--- Records to use ---

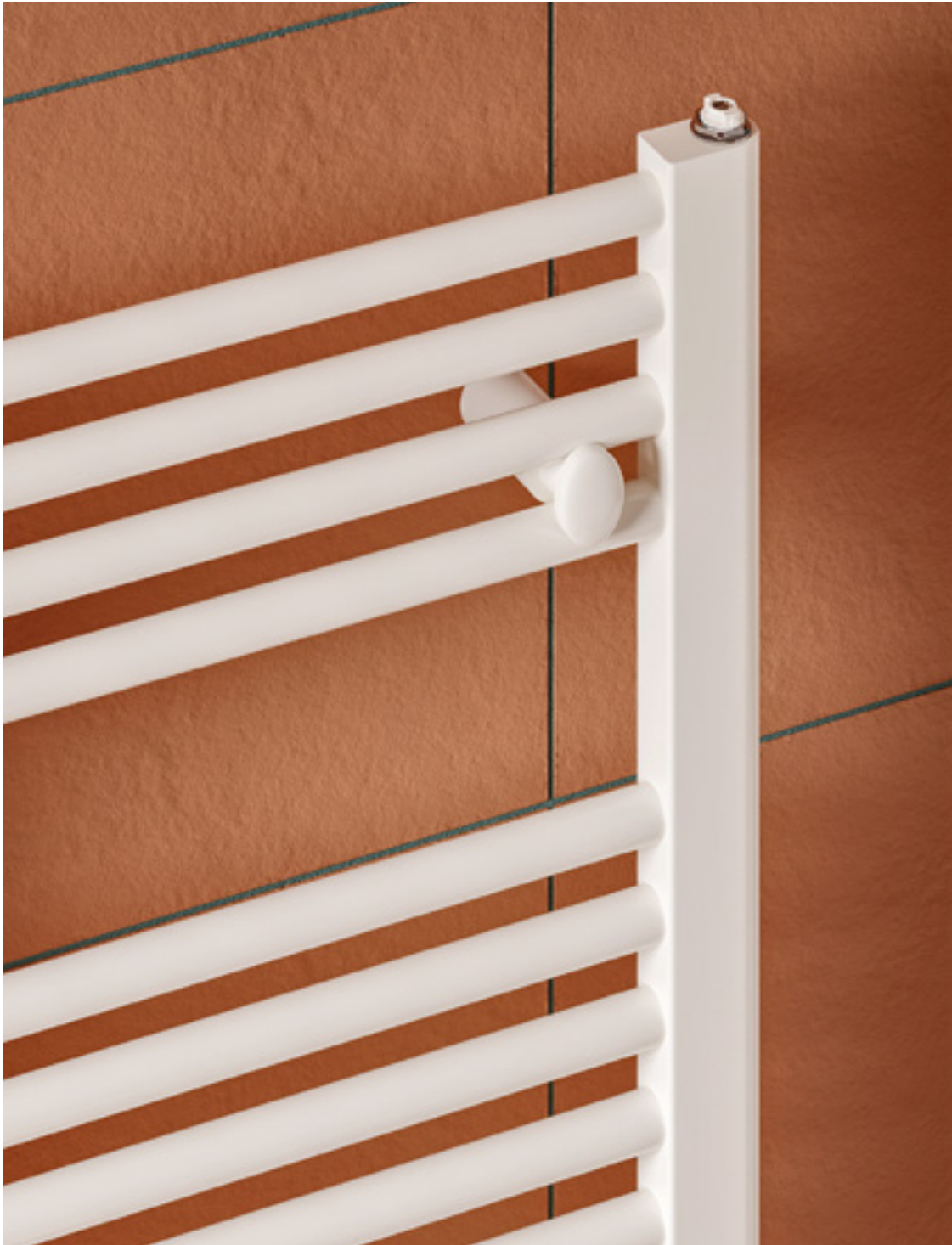
ARES height 1462 mm, length 530 mm. Standard White finish (cod. 01).
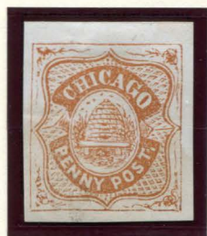
REPRINT HUSSEY 1¢ YELLOW ORANGE ON WHITE (38L1)
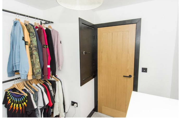
Bedroom Three (Photo Two)
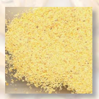
1.Collect and grind a representative corn sample to a 20 mesh screen size
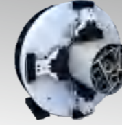
Flexible matching of various tube types
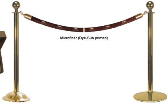
Microfiber (Dye-Sub printed)
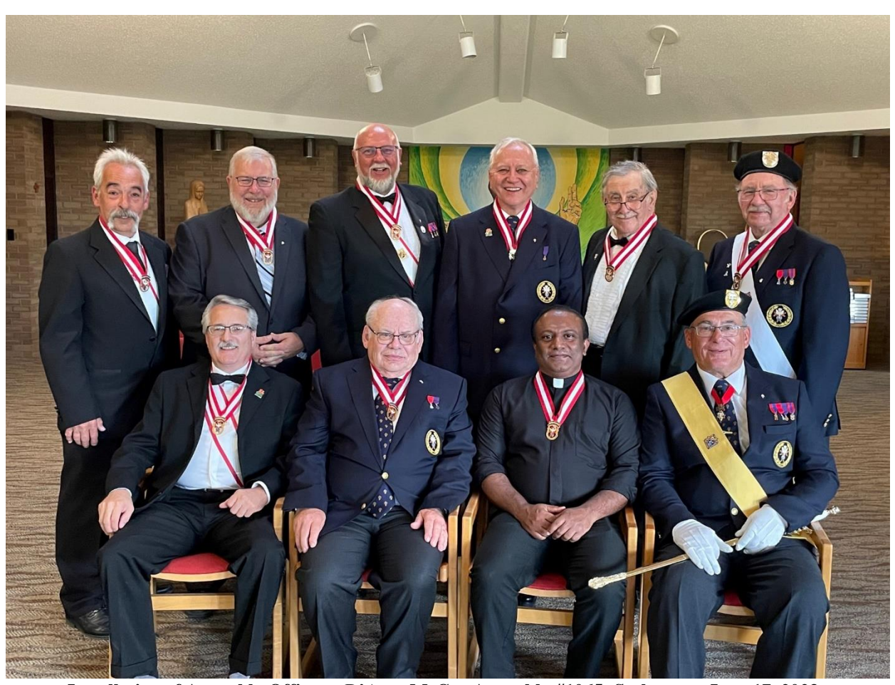
Installation of Assembly Officers- D'Arcy McGee Assembly #1065- Saskatoon- June 17, 2023
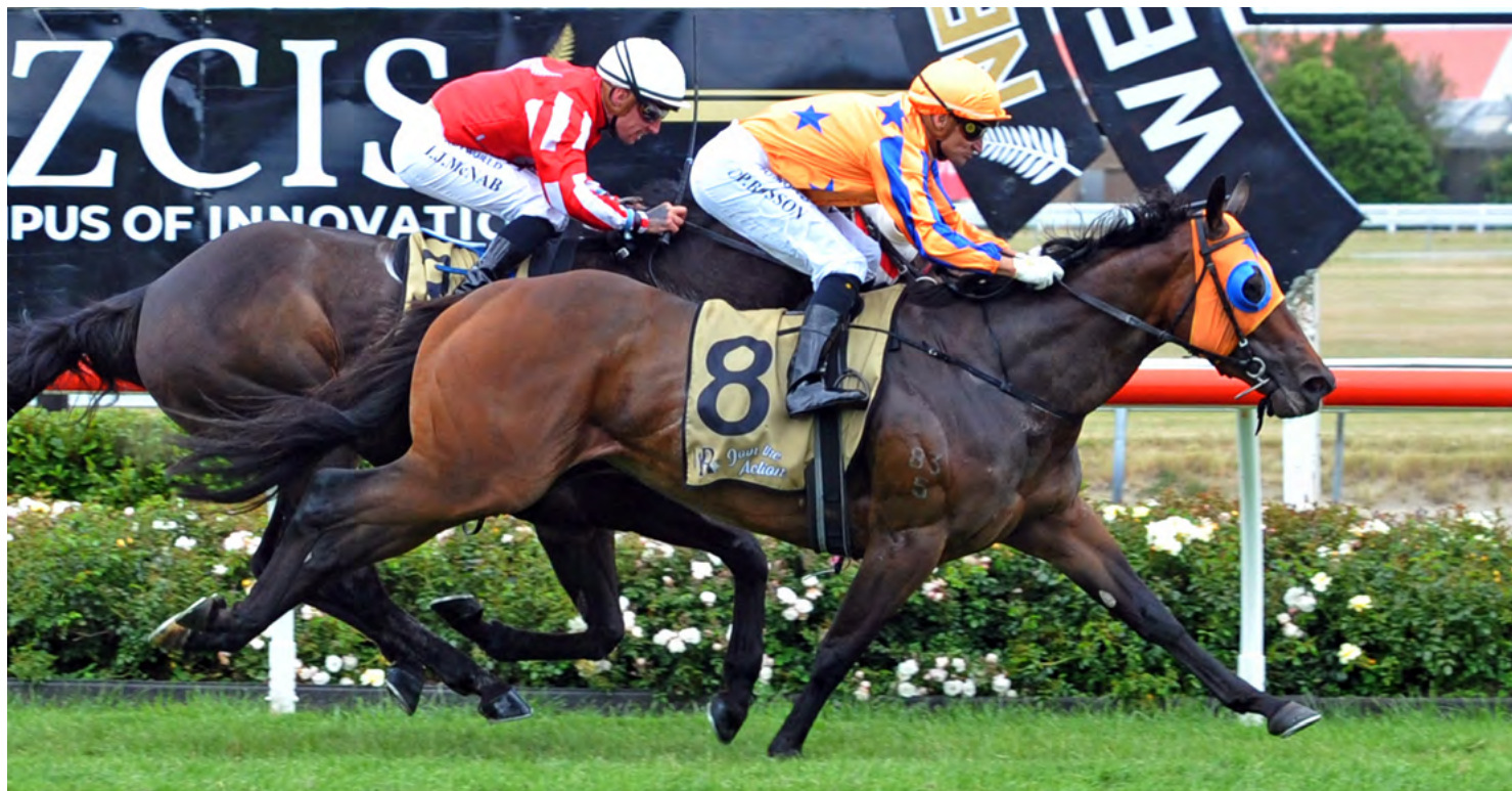
Avantage takes out her second Group One title with a victory in Saturday's JR & N Berkett Telegraph (1200m)
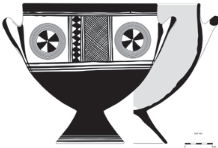
Fig. 3. Drawing of 2 (FM 86, 1957 – NAK 461). Drawing Anne Hooton.

flare; remainder of rim, including lip top, painted solid. The handle zone, thus defined, is decorated on either side, with the following: Central panel composed of two uneven segments, that to the right broader and crosshatched; that to the left decorated with a vertical row of seven lozenges (the lowest lozenge on one side curtailed, almost a triangle). Both
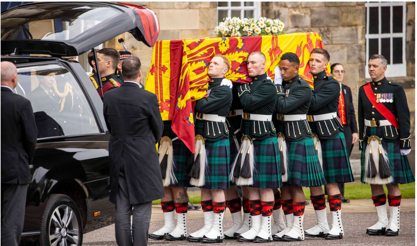
Pallbearers carry the coffin of Her Majesty Queen Elizabeth II, draped with the Royal Standard of Scotland outside the Palace of Holyroodhouse in Edinburgh.

Operation LONDON BRIDGE and Operation SPRING TIDE are the names given to the planning and delivery of the ten-day series of events following the sad announcement of the passing of Her Majesty The Queen and the succession of King Charles III respectively. These were truly a national effort. Years of advance planning brought together the UK, Scottish and Welsh governments, the NI Executive Office and the Northern Ireland, Scotland and Wales Offices, as well as local authorities, to deliver one of the largest and most complex events the UK has ever held. At a time of immense national sadness, and with the attention of many around the
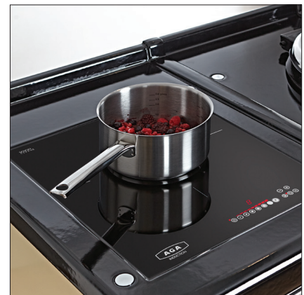
9" x 9" Defined Pan Area
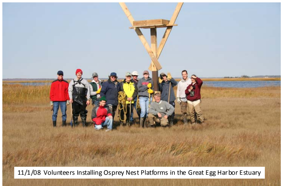
11/1/08 Volunteers Installing Osprey Nest Platforms in the Great Egg Harbor Estuary

The B.L. England Generating Station provided a $2,000 grant to the River Council and a smaller grant to Troop 55 to help cover the costs of materials and transportation. Brooke Koeneke donated the use of his Duke-O-Fluke 45 foot pontoon boat to get the volunteers out to the estuary. Conservation Resources, Inc. also promoted the project on their website.

---

What the task asks: Are you able to set down all the lines above exactly, without any pictures?

Problem solution:
ARES height 1462 mm, length 530 mm. Standard White finish (cod. 01).
REPRINT HUSSEY 1¢ YELLOW ORANGE ON WHITE (38L1)
Bedroom Three (Photo Two)
1.Collect and grind a representative corn sample to a 20 mesh screen size
Flexible matching of various tube types
Microfiber (Dye-Sub printed)
Installation of Assembly Officers- D'Arcy McGee Assembly #1065- Saskatoon- June 17, 2023
Avantage takes out her second Group One title with a victory in Saturday's JR & N Berkett Telegraph (1200m)
Fig. 3. Drawing of 2 (FM 86, 1957 – NAK 461). Drawing Anne Hooton.

flare; remainder of rim, including lip top, painted solid. The handle zone, thus defined, is decorated on either side, with the following: Central panel composed of two uneven segments, that to the right broader and crosshatched; that to the left decorated with a vertical row of seven lozenges (the lowest lozenge on one side curtailed, almost a triangle). Both
Pallbearers carry the coffin of Her Majesty Queen Elizabeth II, draped with the Royal Standard of Scotland outside the Palace of Holyroodhouse in Edinburgh.

Operation LONDON BRIDGE and Operation SPRING TIDE are the names given to the planning and delivery of the ten-day series of events following the sad announcement of the passing of Her Majesty The Queen and the succession of King Charles III respectively. These were truly a national effort. Years of advance planning brought together the UK, Scottish and Welsh governments, the NI Executive Office and the Northern Ireland, Scotland and Wales Offices, as well as local authorities, to deliver one of the largest and most complex events the UK has ever held. At a time of immense national sadness, and with the attention of many around the
9" x 9" Defined Pan Area
11/1/08 Volunteers Installing Osprey Nest Platforms in the Great Egg Harbor Estuary

The B.L. England Generating Station provided a $2,000 grant to the River Council and a smaller grant to Troop 55 to help cover the costs of materials and transportation. Brooke Koeneke donated the use of his Duke-O-Fluke 45 foot pontoon boat to get the volunteers out to the estuary. Conservation Resources, Inc. also promoted the project on their website.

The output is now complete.